Phyllis Armstrong

At Watergate

Mapping the City: DC Places, Part II
Volume 11, Number 4, Fall 2010

At Watergate

The huge latrine of my city
Flows past
Windows reflecting
A massive sunset
Shimmering yachts ride
On crests of bilgewater

 

Phyllis Armstrong is the author of A Witness to Washington, published in 1972 by Dragon's Teeth Press. She worked for the Library of Congress for 24 years. Born in India to a British mother, she spent most of her youth in England, and came to the US prior to World War II, setting in Washington, DC. She began work at the Library of Congress in 1938 in the Law Library.
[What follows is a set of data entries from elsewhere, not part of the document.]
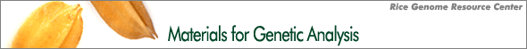 ![]() This mapping population consists of 182 backcross inbred lines (BILs) developed from backcrosses of rice varieties Koshihikari / Kasalath // Koshihikari by the single-seed descent method. The genotype of each line was determined using 162 RFLP markers distributed along the 12 rice chromosomes and a linkage map was constructed. The linkage map may serve as a framework for mapping of additional DNA markers and can be useful in analysis of other QTLs. Please cite the reference below for publication of results using this material.
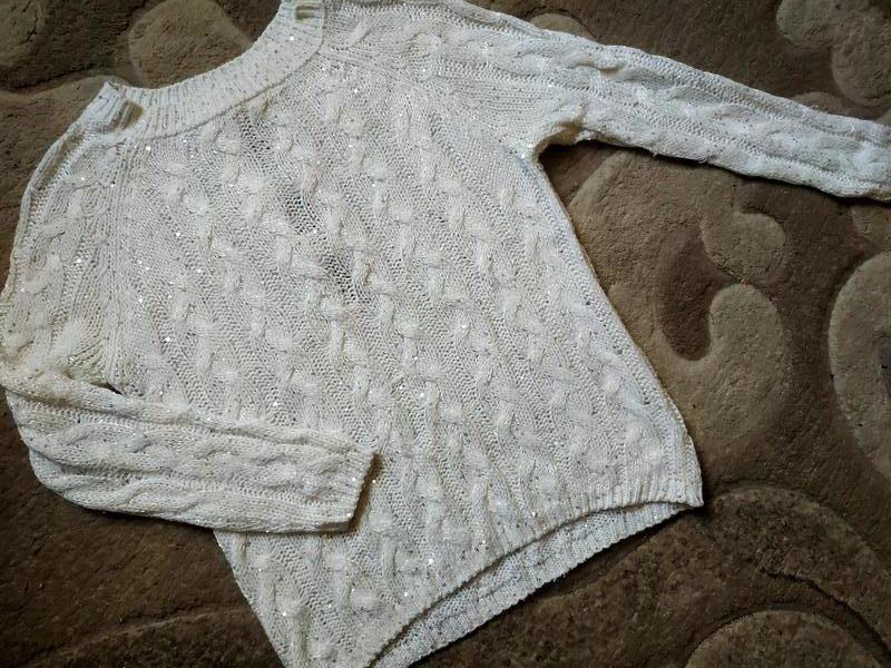 Ширина под руками 50см. общая длина 59 см. рукав реглан 70 см. С паетками.
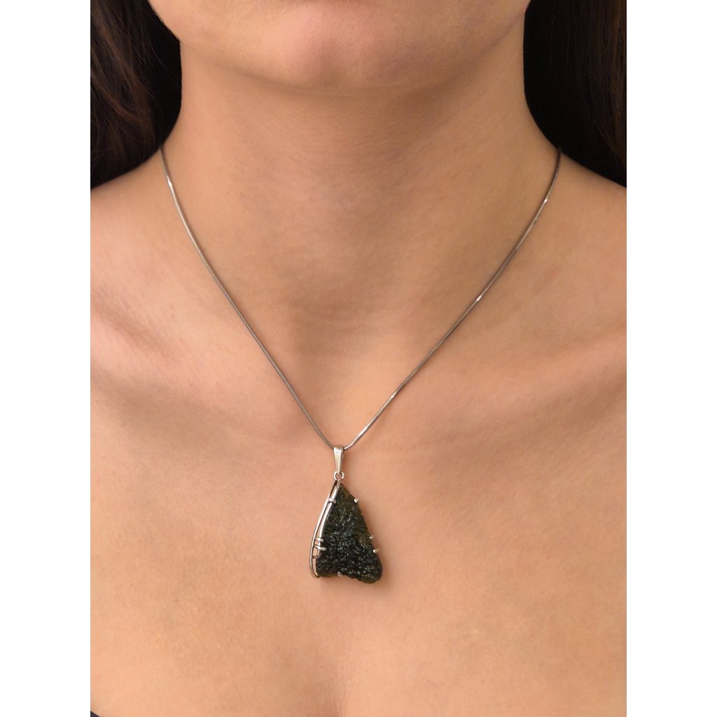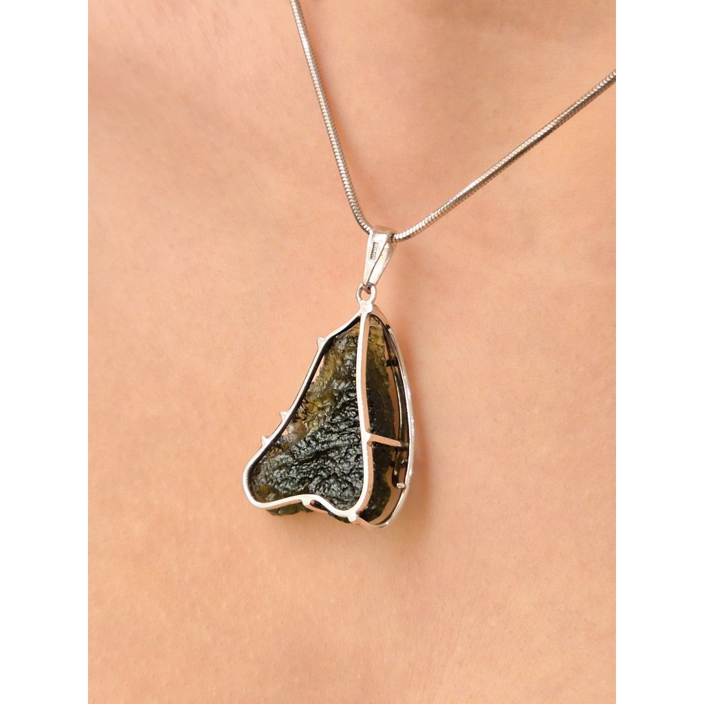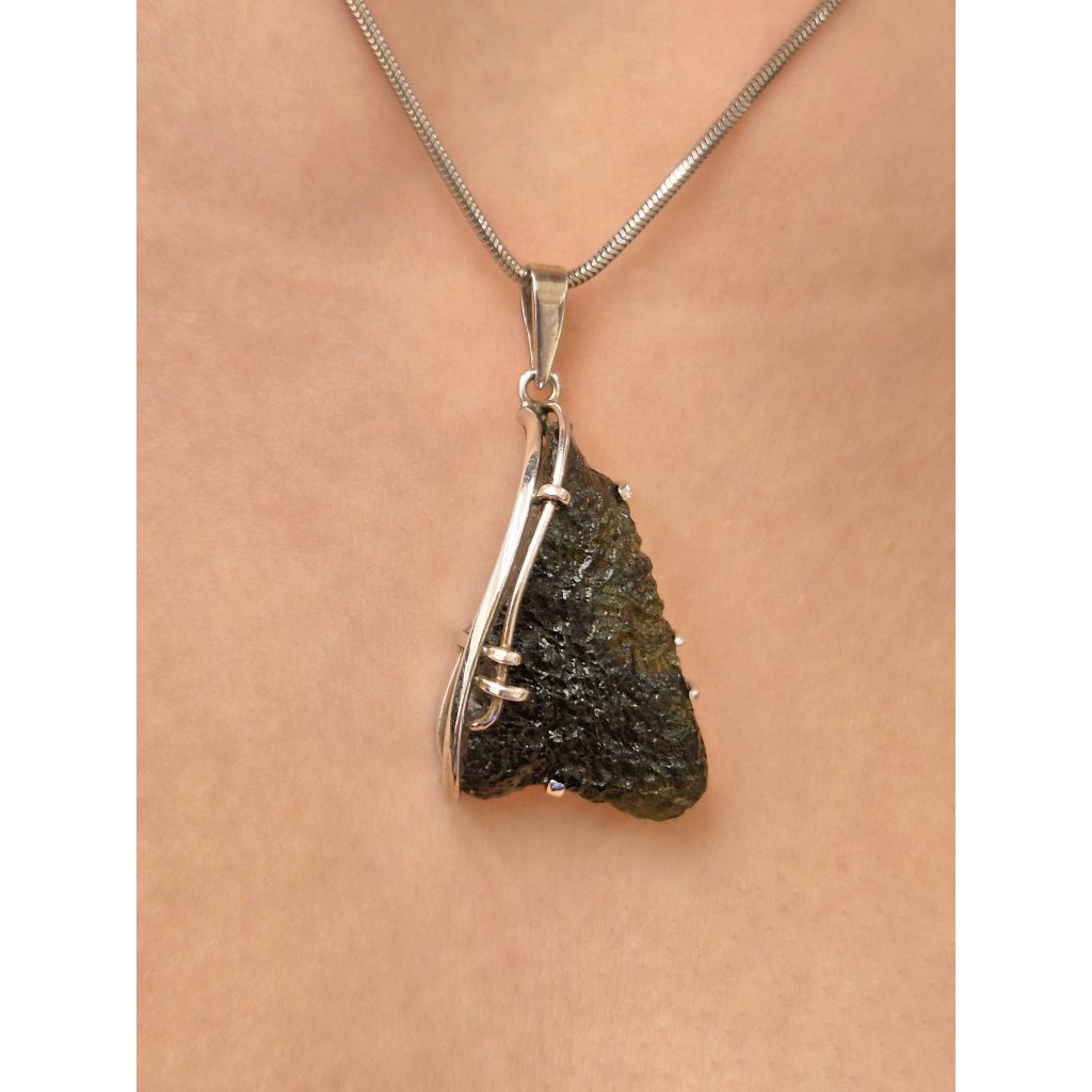 Unikátní přívěsek s přírodním vltavínem, který upoutá svou elegancí. Fascinující vltavín, který zaujme na první pohled… Originální design z ČR, dokonalý kousek pro každý speciální moment.
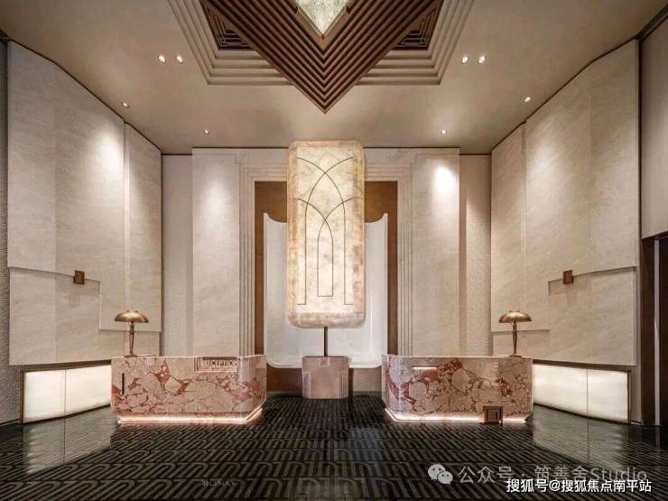 会所内部的空间设计,巧妙融合了艺术化处理与在地文化特色。通过精雕木雕、非遗漆线雕等传统工艺的运用,结合承袭古厝斜屋顶形态的斜面天花和闽南花窗等元素,成功将泉州本土文化符号与现代艺奢美学相得益彰,营造出独特的空间韵味。
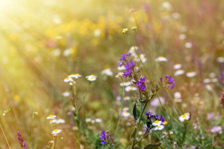 Wild flowers in the meadow with sun rays.. Summer wildflowers in nature.
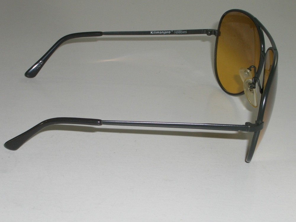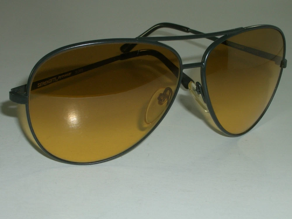 You are bidding on very gently used, stunning looking pair of SERENGETI 5133S KILIMANJARO SPECIES TOP GRADIENT YELLOWISH AMBER TONE CRYSTAL LENS BLACK AVIATOR SUNGLASSES w/CASE. Please see pictures for further details & markings. OVERALL EXCELLENT/SUPERB/SHINY CONDITION: VIEW IS SUPER CLEAR AS LENSES APPEAR TO BE EXCELLENT CONDITION. COMES WITH A GENERIC CASE FOR PROTECTION PURPOSES. Measures 5 1/2" across the hinges & overall vertical height is slightly over 2 1/8". Maximum width across of frame is 5 5/8" & length of temple is 5". Consolidated shipping is offered on multiple items purchased. Thanks for bidding!!!
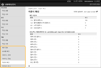 이미 처리된 문서의 로그 뿐만 아니라 대기중인 문서의 상태를 리모트 UI를 통해 확인할 수 있습니다. 또한, 에러 정보 및 소모품 잔량과 같은 기기의 상태도 확인할 수도 있습니다.
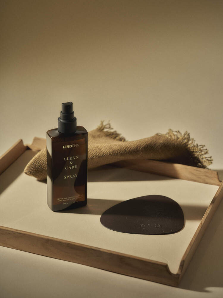 Klíčem k udržení kožených výrobků v perfektním stavu je správná péče. Pokud i vy chcete, aby vám vaše oblíbená kožená prostírání a podtácky pod skleničky vydržely co nejdéle, neměl by ve vaší výbavě chybět univerzální čistící sprej Clean&Care, který byl vyvinut speciálně pro dokonalé čistění a péči o prostírání a stolní podložky od Lind DNA. Použití je jednoduché - stačí jej nastříkat přímo na povrch nebo vlhký hadřík a setřít. Bonusem je i příjemná vůně.
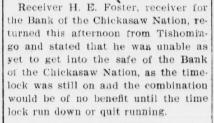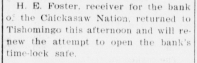 Receiver H. E. Foster, receiver for the Bank of the Chickasaw Nation, returned this afternoon from Tishomingo and stated that he was unable as yet to get into the safe of the Bank or the Chickasaw Nation, as the timelock was still on and the combination would be of no benefit until the time lock run down or quit running.

During the war, from 1941 to 1945, she took military leave to serve with the British Woman's Royal Naval Service as a cipher officer in the signals branch. Karl Shapiro hired her during his tenure as US Poet Laureate to serve as the first Special Assistant in Poetry. He remembered her in later years as "tall, military in bearing, a chain smoker" whose service to the Library of Congress was exemplary, serving "one difficult poet after another, for which she deserved the Congressional Medal of Honor." William Jay Smith, on learning of her retirement in 1970, wrote, "It is virtually impossible to think of the Poetry Room without her." She worked with fourteen US Poets Laureate in all, for which she was awarded the Amos. R. Koontz Memorial Foundation Award for Distinguished Service. She was a long-time resident of Hyattsville, MD and died at age 89 from a respiratory ailment on July 26, 1999. She left no immediate survivors, and her book, unfortunately, is long out of print.